Task to carry out:
Would you output the listing exactly, with every image omitted?

Given data:

····················

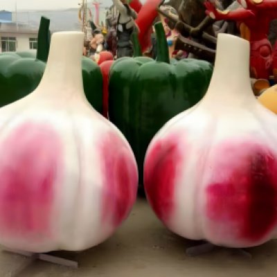 景区园林蔬菜摆件,采用玻璃钢材料制作,仿真大蒜的形态逼真,色彩鲜明。它不仅为园林景观增添了趣味性,还体现了对自然和艺术的尊重与追求。
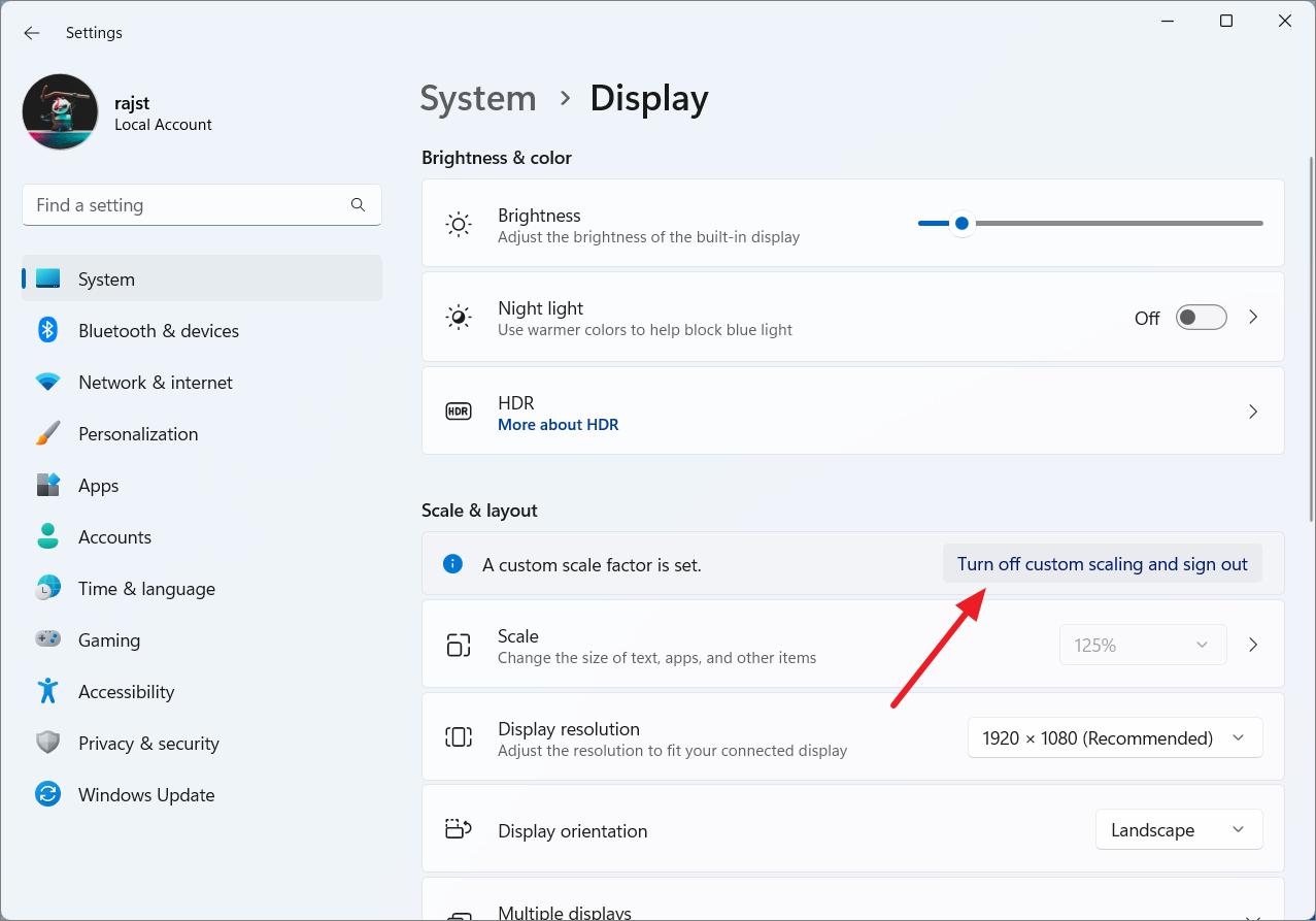 Step 2: Under the 'Scale & layout' section, click on 'Turn off custom scaling and sign out.'
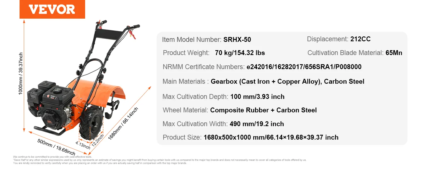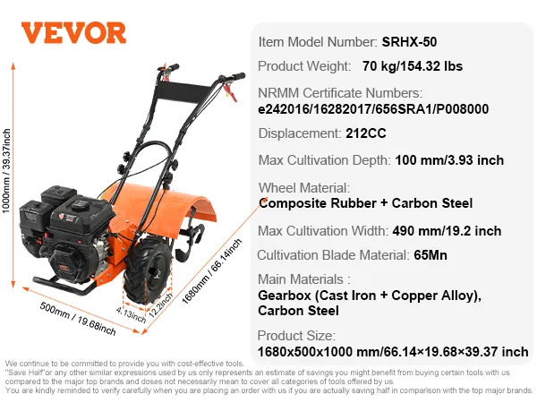 Krachtige 212cc 4-takt: Met een cilinderinhoud van 212cc biedt deze freescultivator uitstekende prestaties voor het werken in moestuinen, bloembedden of moestuinen. Het is NRMM gecertificeerd voor een milieuvriendelijke en efficiënte teelt.

····················

Worked solution:
 景区园林蔬菜摆件,采用玻璃钢材料制作,仿真大蒜的形态逼真,色彩鲜明。它不仅为园林景观增添了趣味性,还体现了对自然和艺术的尊重与追求。
 Step 2: Under the 'Scale & layout' section, click on 'Turn off custom scaling and sign out.'
 Krachtige 212cc 4-takt: Met een cilinderinhoud van 212cc biedt deze freescultivator uitstekende prestaties voor het werken in moestuinen, bloembedden of moestuinen. Het is NRMM gecertificeerd voor een milieuvriendelijke en efficiënte teelt.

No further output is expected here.